Become a bookplate donor
If you’re looking for a gift to celebrate a special person or book lover in your life, then a personalised bookplate inside a new book from the State Collection would be ideal.
Your personal tribute to a friend or family member will be placed inside a specially selected book from the State Collection and preserved for future generations.
Each bookplate features a stunningly detailed illustration from the Library’s Rare Books and Pictures collections, with a dedication to your gift recipient or yourself. You’ll be invited to view the bookplate once it has been added to the collection.
The bookplate illustrations are updated annually, and we hope you enjoy the 2024 series featuring Australian native animals.

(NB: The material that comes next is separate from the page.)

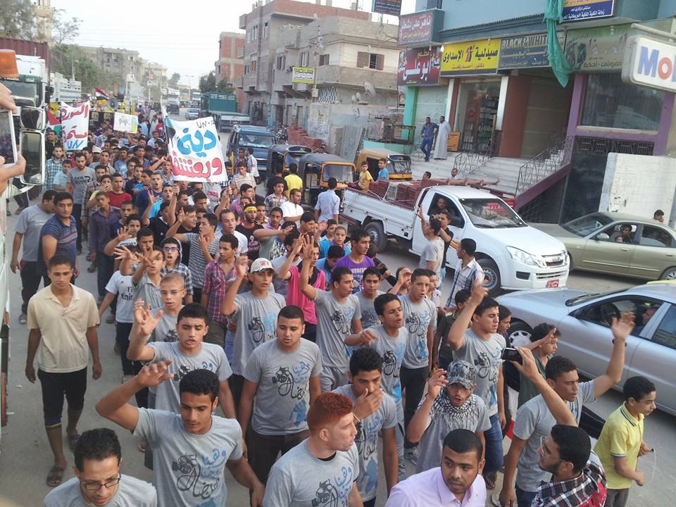 وانطلقت مسيرة حاشدة من أمام كافتيريا الواحة، بمدينة أبو حماد، لتجوب شوارع المدينة، وسط هتافات مناوئة لداخلية الانقلاب، وأخرى مطالبة بالإفراج عن المعتقليين.
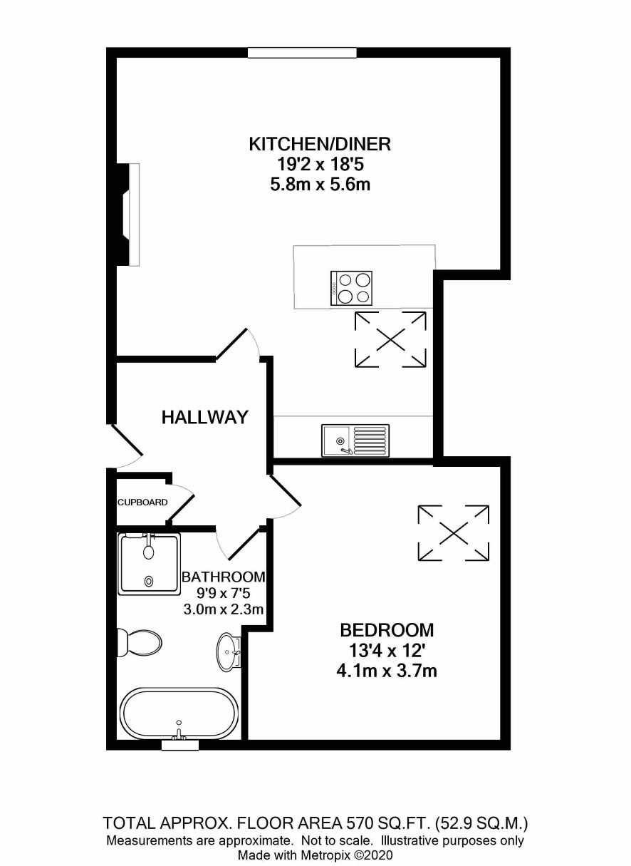 Hall, open plan sitting room with kitchen area, bedroom and bathroom

This unique, tax-deductible donation gives twice – it’s an ideal gift and it also supports the Library’s work in building our collection.
Choose your bookplate
You can select from the following bookplates, named after master illustrators whose valuable works are held in the Library’s collection:
- $175: John White (1756–1832)
- $500: Eugene von Guérard (1811–1901)
- $1000: John Gould (1804–1881)
Your gift is tax deductible.
About the illustrators
White
In 1786, John White (1756–1832) was appointed chief surgeon to the First Fleet and surgeon general in the colony of New South Wales until 1794. With a keen interest in natural history, White published Journal of a Voyage to New South Wales: With 65 plates of non-descript animals, birds, lizards, serpents, curious cones of trees and other natural productions in 1790. The work includes 65 engraved plates with some special editions including coloured plates. Little is known about the original artists of the plates, but there is some suggestion that White enlisted the skills of several convicts to create detailed watercolour illustrations for the publication. Perhaps the most famous of these ‘convict artists’ is Thomas Watling, who produced sketches and watercolour drawings for the journal.
Von Guérard
19th-century Austrian painter Eugene von Guérard (1811–1901) bravely set out to paint the unexplored territories of Australia ‘with the eye of a scientist and the heart of an artist’. While von Guérard failed abysmally in his gold-digging efforts, he was arguably one of Australia’s most important colonial landscape painters given his meticulous attention to detail and breathtaking compositions. A global traveller, von Guérard trained in Vienna and painted throughout Europe before settling in Australia in 1852 for the latter three decades of his life. Von Guérard served as the first Master of the School of Painting (1870–1881) for the National Gallery of Victoria.
Gould
English-born John Gould (1804–1881) was known as ‘the birdman’ and the ‘father of ornithology’ in Australia. Gould collected birds obsessively from a young age, and by 14 showed his entrepreneurial flair selling taxidermy to children of the aristocracy. Gould worked closely with his wife, artist Elizabeth Gould, who contributed her skills in illustration and lithography to a number of his publications. Whilst undertaking field work in Australia, Gould’s attention was also captured by the ‘strange’ mammals, and he is credited with describing 45 species.